Attention
A mechanism that lets a model weigh which other tokens in a sequence matter most when computing a representation for the current one.
In one line
A mechanism that lets a model decide which other tokens in a sequence matter most when building a representation for the current one.
What it actually means
Attention takes three projections of your inputs — queries, keys, and values — and uses the dot product of queries and keys to score how relevant each position is to every other position. Those scores get softmaxed into weights, and the output for a position is a weighted sum of the value vectors. In self-attention, all three come from the same sequence, so every token can pull information from every other token in one step. Multi-head attention runs several of these in parallel with different projections so the model can look for different kinds of relationships at once.
Why it matters
Before attention, sequence models had to walk through tokens one at a time and hope earlier information survived the walk. Attention replaced that with a constant-time global lookup, which is what made transformers trainable on huge datasets and what makes long-context LLMs feasible at all.
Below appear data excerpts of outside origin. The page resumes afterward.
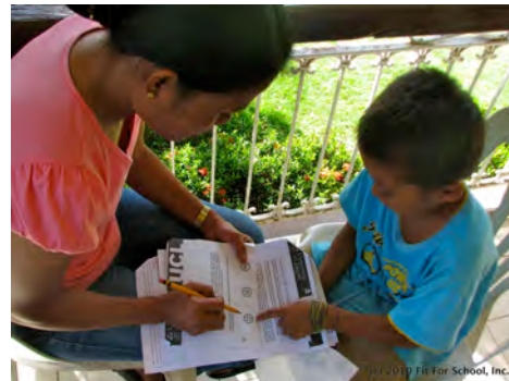
Quality of life interview

The Weight Gain Study research, a collaboration between University College London, the World Dental Federation and Fit for School, demonstrated the impact of oral health on general health indicators by showing that underweight children's nutritional status improves significantly after the extraction of infected teeth. This study provides the evidence on the importance of oral health on general health.
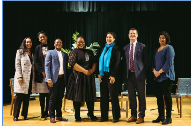
SFHSA Town Hall on Racial Equity in February 2020

This year, APS began implementing the Trauma-Informed Systems (TIS) framework, a public health model for organizational change and trauma-informed practice that enables us to respond more effectively to each other and the people we serve. The implementation process is being guided by the program's staff-led Healing Organization Workgroup, which began convening monthly in late 2019. The workgroup administered a baseline survey to APS staff in February to identify the program's strengths and areas for growth. Since then, the workgroup has been processing the survey results and determining priority areas in which to focus the program's TIS efforts – particularly in light of operational challenges posed by the outbreak of COVID-19, and the ways in which the pandemic may exacerbate existing traumas and generate new ones among our clients and workforce, alike.
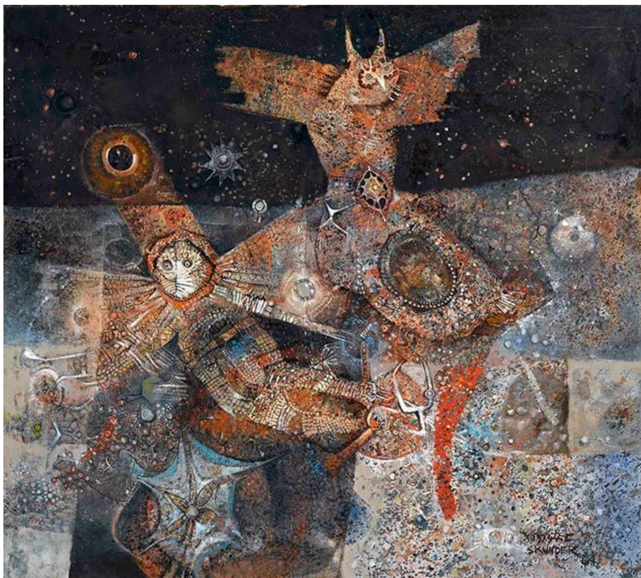
Night Flight of Dread and Delight , Skunder (Alexander) Boghossian, 1964
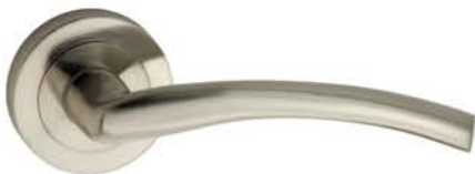
AL2747 Finish : SS

If you understand attention, you understand the core operation inside every modern LLM, vision transformer, and multimodal model.
Example
softmax(Q @ K.T / sqrt(d_k)) @ V
For three tokens with d_k = 4, queries and keys produce a 3x3 matrix of scores. After softmax each row sums to 1 — those are the attention weights for that token over the sequence.
You’ll hear it when
- Reading any transformer paper or LLM architecture diagram.
- Debugging long-context behaviour (“the model isn’t attending to the system prompt”).
- Profiling a model and someone mentions FlashAttention or KV cache.
- Comparing encoder-only vs decoder-only vs cross-attention setups.
- Talking about why context length is quadratic in compute.